What the task requires
Every record below must be retyped exactly, with the pictures left out.

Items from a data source
>>>

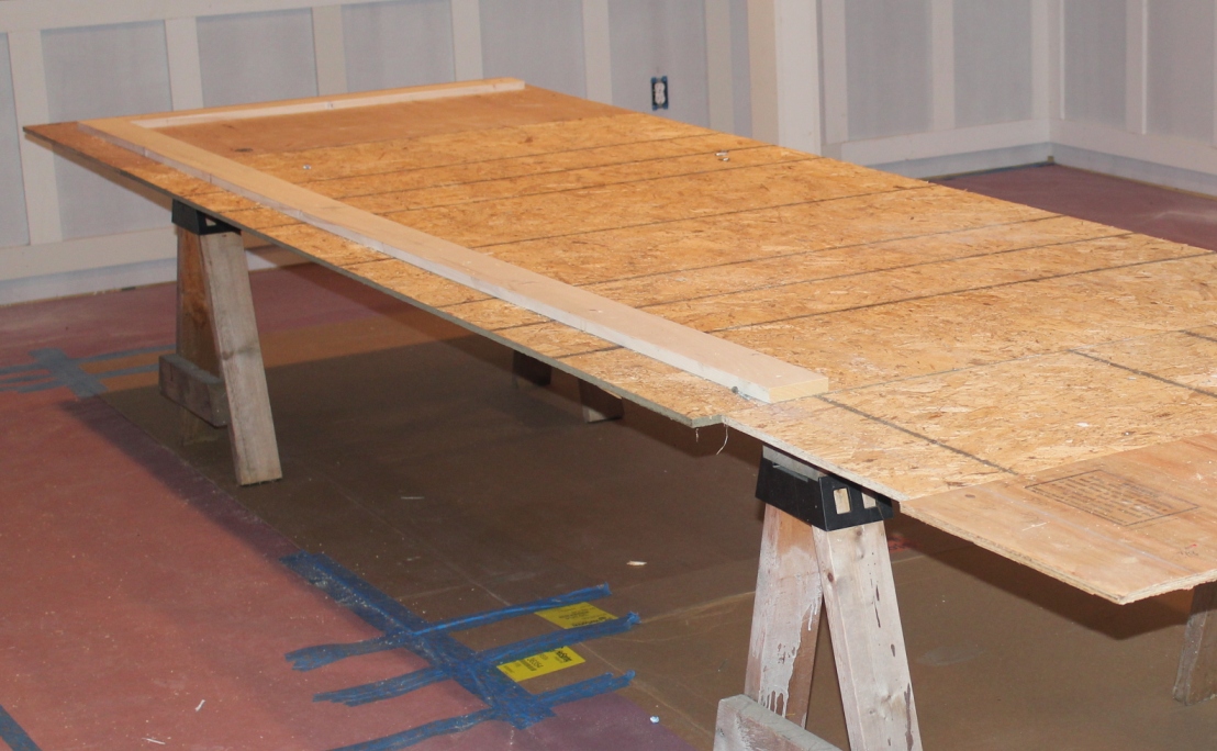 1. Para instalar revestimientos de paneles de madera, comencé estableciendo un área de trabajo dónde crear el espacio suficiente para trabajar. Como había un gran número de agujeros de ocultamiento que taladrar y marcos largos que armar, usé una mesa de trabajo larga sobre los caballetes o bases de trabajo. Puede trabajar en el piso de ser necesario, pero la mesa le permite usar una guía para mantener el material a escuadra (dos tablas unidas con clavos en el ángulo exacto con relación a la otra).
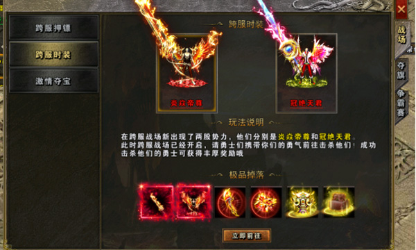 跨服时装活动玩法介绍:活动分为炎焱帝尊和冠绝天君两个BOSS,可进入跨服战场后玩家可以在BOSS刷新后击杀他们可以获得丰厚奖励。
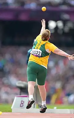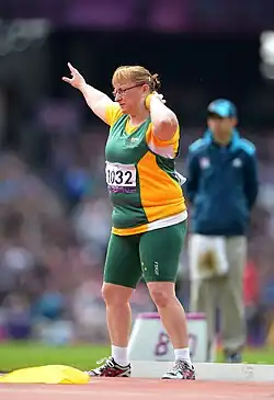 Katherine Proudfoot (born 21 April 1977 in Auckland, New Zealand)[1] is a cerebral palsy athlete from Australia competing mainly in throwing events.[1] She competed in the F36 classification at the 2008, 2012 and the 2016 Summer Paralympics, winning medals at each Game.[2][3] Following a medical review request in early 2017, she now competes in seated throws in the F32 classification.[4] At the 2017 Australian Athletics Championships she threw 7.04m in the Women's Shot Put Secured event, bettering the Women's F32 shot put world record mark of 6.55m.[5]
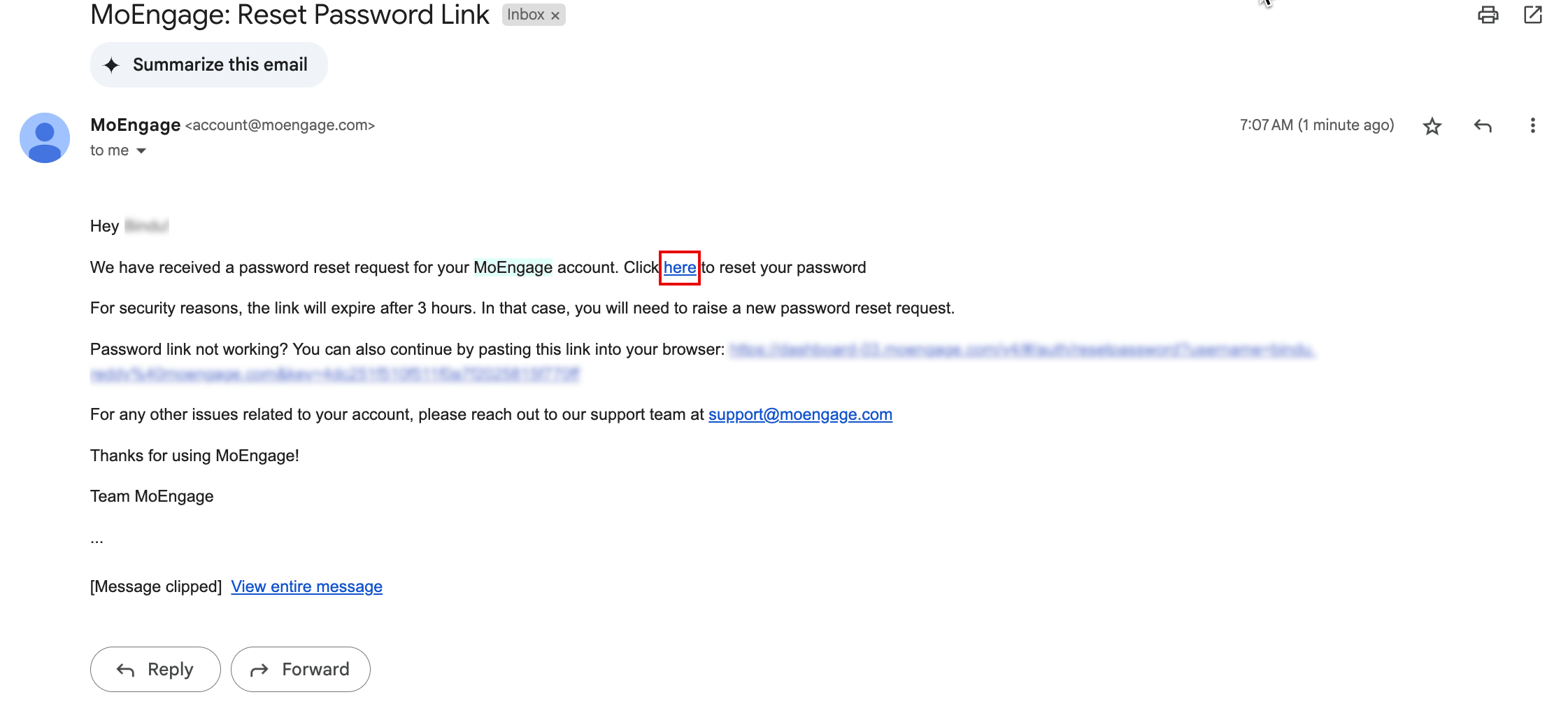 MoEngageからパスワードをリセットするためのリンクが含まれたメールが届きます。 - MoEngageから受け取ったメールを開き、パスワードをリセットするためのリンクをクリックしてください。
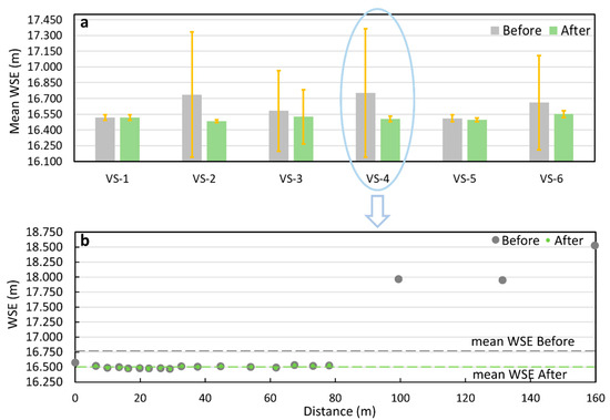 Examples of mean WSE values at selected VSs (in Figure 5) before and after auto-segmentation processing: (a) mean and standard deviation of WSE values at six selected VSs, and (b) mean WSE derivation at VS-4 (blue circle in (a)). Grey dots are segments used to calculate the mean WSE Before (grey dashed line), and green dots are segments used to calculate the mean WSE After (green dashed line).

<<<

Completed task
 1. Para instalar revestimientos de paneles de madera, comencé estableciendo un área de trabajo dónde crear el espacio suficiente para trabajar. Como había un gran número de agujeros de ocultamiento que taladrar y marcos largos que armar, usé una mesa de trabajo larga sobre los caballetes o bases de trabajo. Puede trabajar en el piso de ser necesario, pero la mesa le permite usar una guía para mantener el material a escuadra (dos tablas unidas con clavos en el ángulo exacto con relación a la otra).
 跨服时装活动玩法介绍:活动分为炎焱帝尊和冠绝天君两个BOSS,可进入跨服战场后玩家可以在BOSS刷新后击杀他们可以获得丰厚奖励。
 Katherine Proudfoot (born 21 April 1977 in Auckland, New Zealand)[1] is a cerebral palsy athlete from Australia competing mainly in throwing events.[1] She competed in the F36 classification at the 2008, 2012 and the 2016 Summer Paralympics, winning medals at each Game.[2][3] Following a medical review request in early 2017, she now competes in seated throws in the F32 classification.[4] At the 2017 Australian Athletics Championships she threw 7.04m in the Women's Shot Put Secured event, bettering the Women's F32 shot put world record mark of 6.55m.[5]
 MoEngageからパスワードをリセットするためのリンクが含まれたメールが届きます。 - MoEngageから受け取ったメールを開き、パスワードをリセットするためのリンクをクリックしてください。
 Examples of mean WSE values at selected VSs (in Figure 5) before and after auto-segmentation processing: (a) mean and standard deviation of WSE values at six selected VSs, and (b) mean WSE derivation at VS-4 (blue circle in (a)). Grey dots are segments used to calculate the mean WSE Before (grey dashed line), and green dots are segments used to calculate the mean WSE After (green dashed line).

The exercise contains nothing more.